34 women should remain silent in the churches. They are not allowed to speak, but must be in submission, as the Law says.Interestingly, the NIV84 (CEB, CEV, ESV, HCSB, NAB, NET, NJB and NRSV) makes 34a "women should remain silent in the churches" a part of the preceding statement in verse 33 (which in full reads: "For God is not a God of disorder but of peace. As in all the congregations of the saints,"). The KJV, NIV2011 (though see the footnote), NKJV, NLT, and TNIV read the last phrase of verse 33 with the first phrase and then end verse 33 with a period...thus separating 33 from 34. I personally prefer the reading of the latter.
35 If they want to inquire about something, they should ask their own husbands at home; for it is disgraceful for a woman to speak in the church. (1 Cor.14:34-35 NIV84)

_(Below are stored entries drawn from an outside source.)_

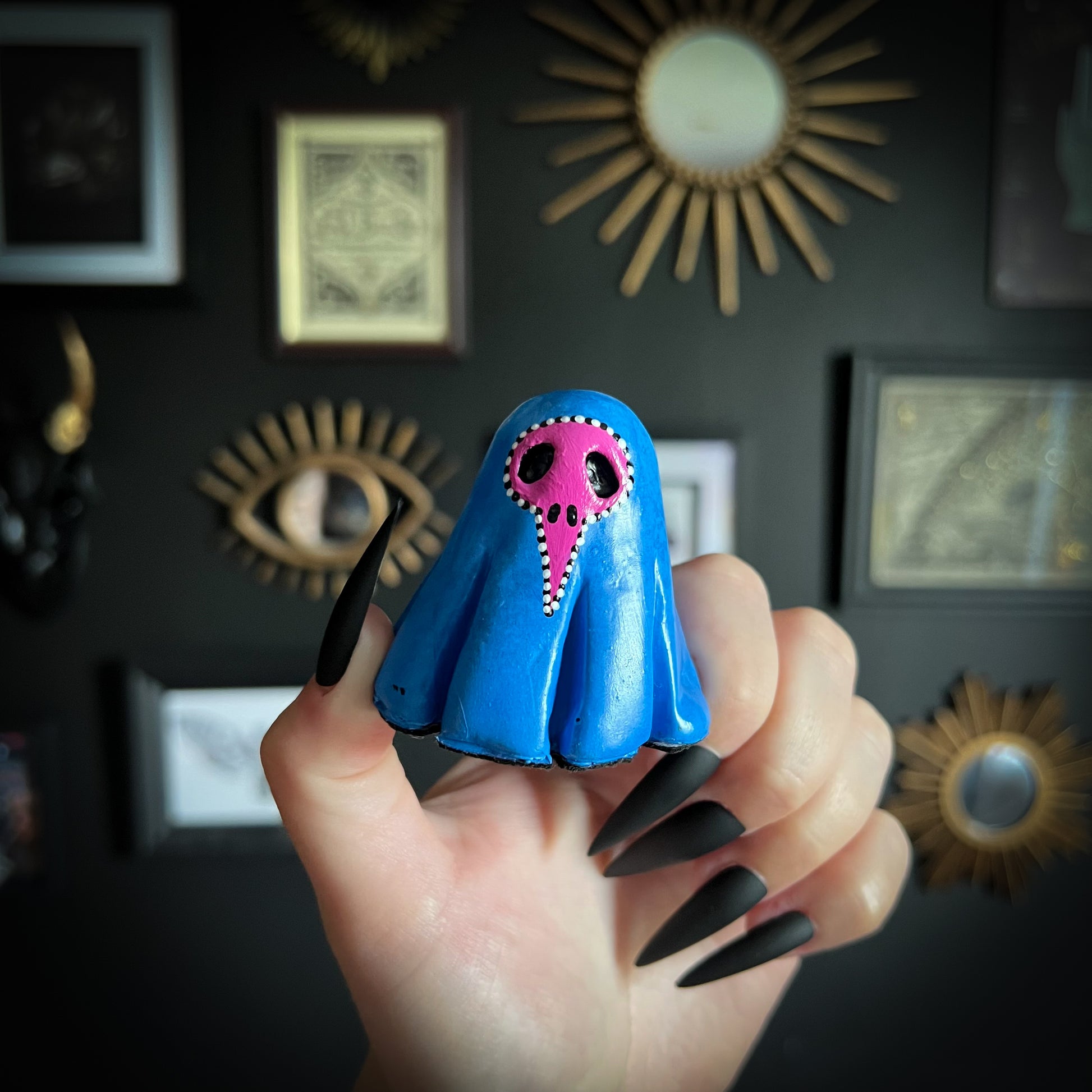 Each concrete ghost in our collection is a one-of-a-kind creation, individually hand poured with care and character. Some remain unpainted, while others are adorned with hand-painted details that make them truly unique. Whether spooky or sweet, these one-off little ghouls add the perfect touch of haunted charm to any shelf, altar or darkly whimsical space.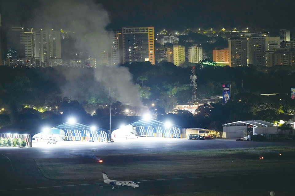 1月3日,委内瑞拉首都加拉加斯拉卡洛塔机场升起浓烟。 新华社发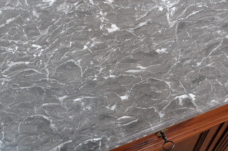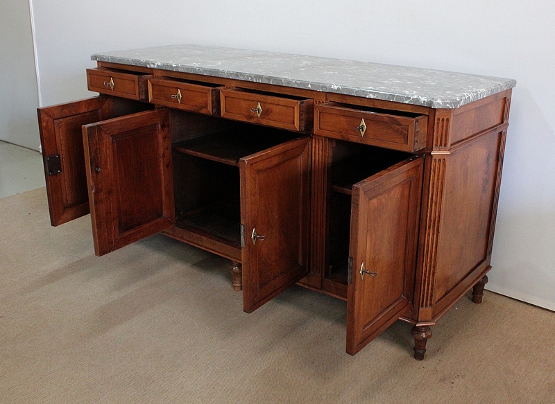 Ce meuble de la région nantaise est agrémenté sur son dessus d’un magnifique marbre gris veiné de blanc postérieur à l’époque. Présentant des ressauts aux angles ainsi qu’en son centre, ce plateau est souligné par une gorge en son pourtour.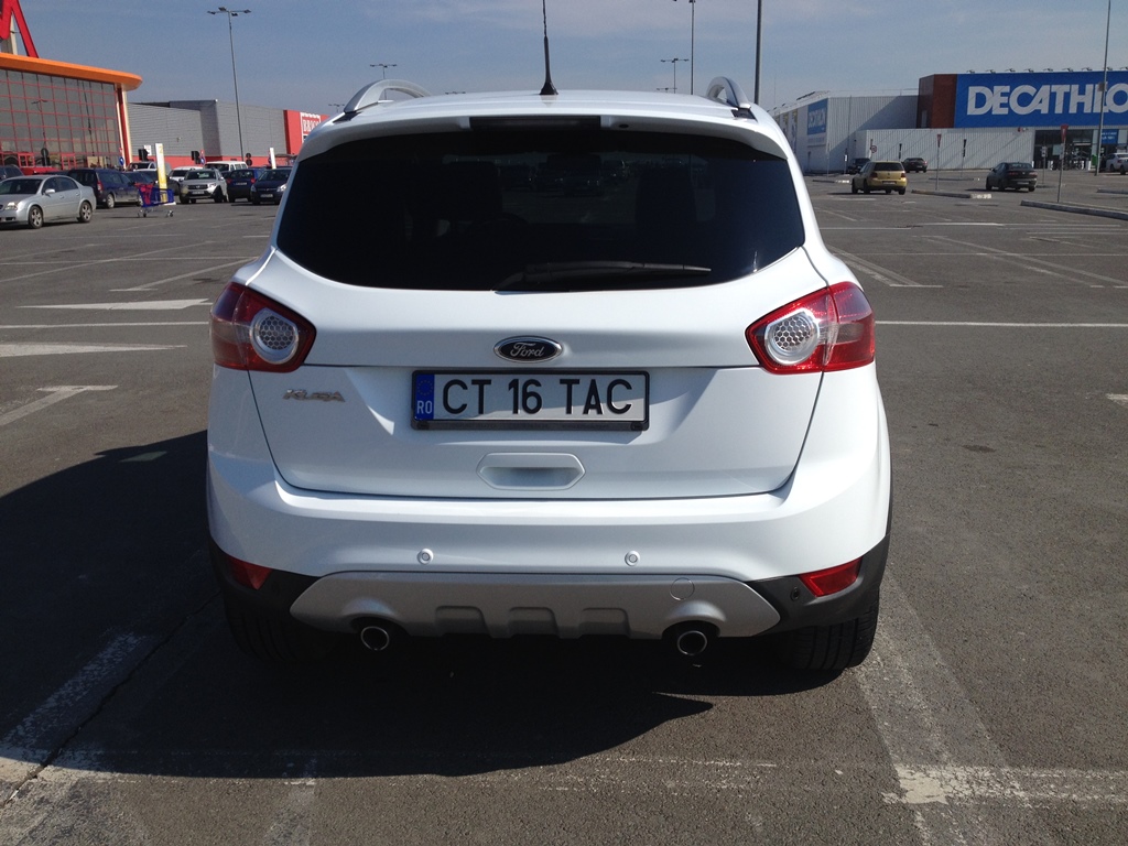 Este vorba de un Kuga fabricat in 09.2011, la momentul achizitiei cu 36456 km la bord, masina de serviciu a directorului de vanzari de la Tiriac Constanta. Ca si echipare, in acte e trecuta Titanium X, dar pe hayon apare doar Kuga. Dotarile sunt: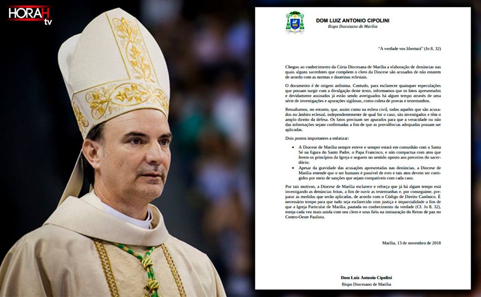 O caso é tão grave que em documento oficial datado do dia 13, o bispo Dom Luiz Cipolini cita as denúncias contra “alguns sacerdotes” acusados de violar “as normas e doutrinas eclesiais”. Apesar de observar que se trata de ‘documento de origem anônima’, apressa-se para esclarecer que tais ‘especulações’ (forma como se refere às denúncias) “já estão sendo averiguadas há algum tempo”, mas que são “apurações sigilosas, como coleta de provas e testemunhos”.

Also, how does one preach "women should remain silent in the churches"? I know the traditional explanations I've heard about women speaking up asking questions but being too far away from their husbands and thus disturbing the congregational meeting, but I find this utterly unsatisfactory on historical grounds for congregational settings. How does remaining "silent" relate to Paul's earlier instruction that women could publicly pray and prophecy (1 Cor.11:5, 13; 14:31)? I ended up essentially passing over this text with some comments about its questionable content and thus a need to not make doctrine of it in light of Gordon Fee's arguments (NICNT "The First Epistle to the Corinthians" Grand Rapids, MI: Eerdmans, 1987: pp.705-708) for verses 34-35 being an interpolation (since one of the issues is that in a number of manuscripts this text is placed completely after chapter 14 suggesting their was early question of the placement -- or authenticity???).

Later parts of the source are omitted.